Given the impact of this threat, the researchers developed a technique that prevents accurate classification by intelligently hiding user-intended downloading behavior in a cloud of random downloading. They showed that this approach causes an eavesdropper’s classification to be wrong the majority of the time, providing users with grounds to claim “plausible deniability” if accused.

Tags: decoys, deniability, privacy, torrents, traffic analysis

Posted on April 9, 2009 at 7:07 AM • 17 Comments

Comments

Yarp • April 9, 2009 7:41 AM

Hmm … “ad random” sounds so … random. Without reading the article this sounds like a logical result of different interest groups. People who are downloading the same tv-shows and use the same tracker are most likely to connect to each other.

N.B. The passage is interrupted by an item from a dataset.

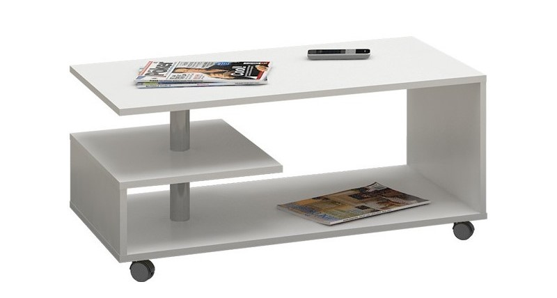 Masa de cafea, placa laminata, pe roti, alb, 90x51x40 cm, Vini
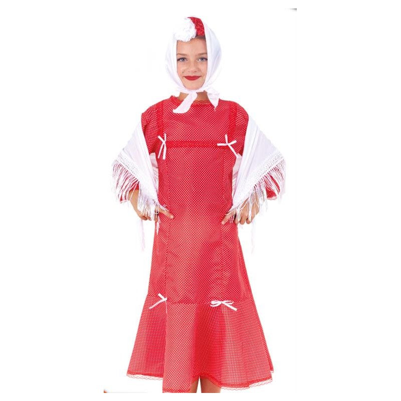 Lista para bailar un chotis en la esperada verbena es como quedará tu pequeña con este elegante Vestido de Chulapa Roja para Niña, que incluye también el pañuelo, y que está disponible en varias tallas, de 6 a 12 meses, de 1 a 2 años, de 3 a 4 y de 5 a 6, ideal para disfrutar de la próximas fiestas de San Isidro...

“Hiding in the crowd” sounds like something that could make the download rather slow.

tcliu • April 9, 2009 7:44 AM

BT clients tend to prioritize peers with fast connections, so the selection isn’t random.

Clive Robinson • April 9, 2009 9:03 AM

Once again it shows that traffic analysis is more important than getting at the contnet of individual communications paths…

The reality is that all peer to peer networks will “group out” unless very specific steps are taken to stop it. It is the consiquence of trying to be “efficient”.

As I have said on previous occasions efficiency and security appear to be the oposit ends of the “see-saw”, the more you have of one the less you have of the other.

Wolf • April 9, 2009 9:07 AM

“Hiding in the crowd” by randomly and artifically generated traffic is a good pattern if the content is legal and you don’t want nevertheless that people are tracking what you are really looking at.

But with a high percentage of torrent files having some copyright issues you are getting into additional trouble, if you would artifically download (and share?) those copyrighted torrents.

coderpunk • April 9, 2009 10:23 AM

I’m not sure how they think they can examine the ‘BitTorrent file-sharing network’ – there is no such thing. BitTorrent has no centralized network, it is a disconnected collection of ‘information islands’ with each torrent server sharing the torrent info for files they are interested in. So generally you are going to find that the users of a torrent server are downloading similar types of files since that’s the whole point of the torrent server in the first place.

Brandioch Conner • April 9, 2009 10:29 AM

Hmmmmm …. looks like pretty obvious “research” to me.

#1. Of course the users in a “community” will connect more to each other than to systems “outside” the “community”. Because the apps have criteria for determining which machines to connect to. The machine characteristics probably won’t change much from session to session.

#2. Hiding in a crowd? By downloading potentially illegal content? Genius!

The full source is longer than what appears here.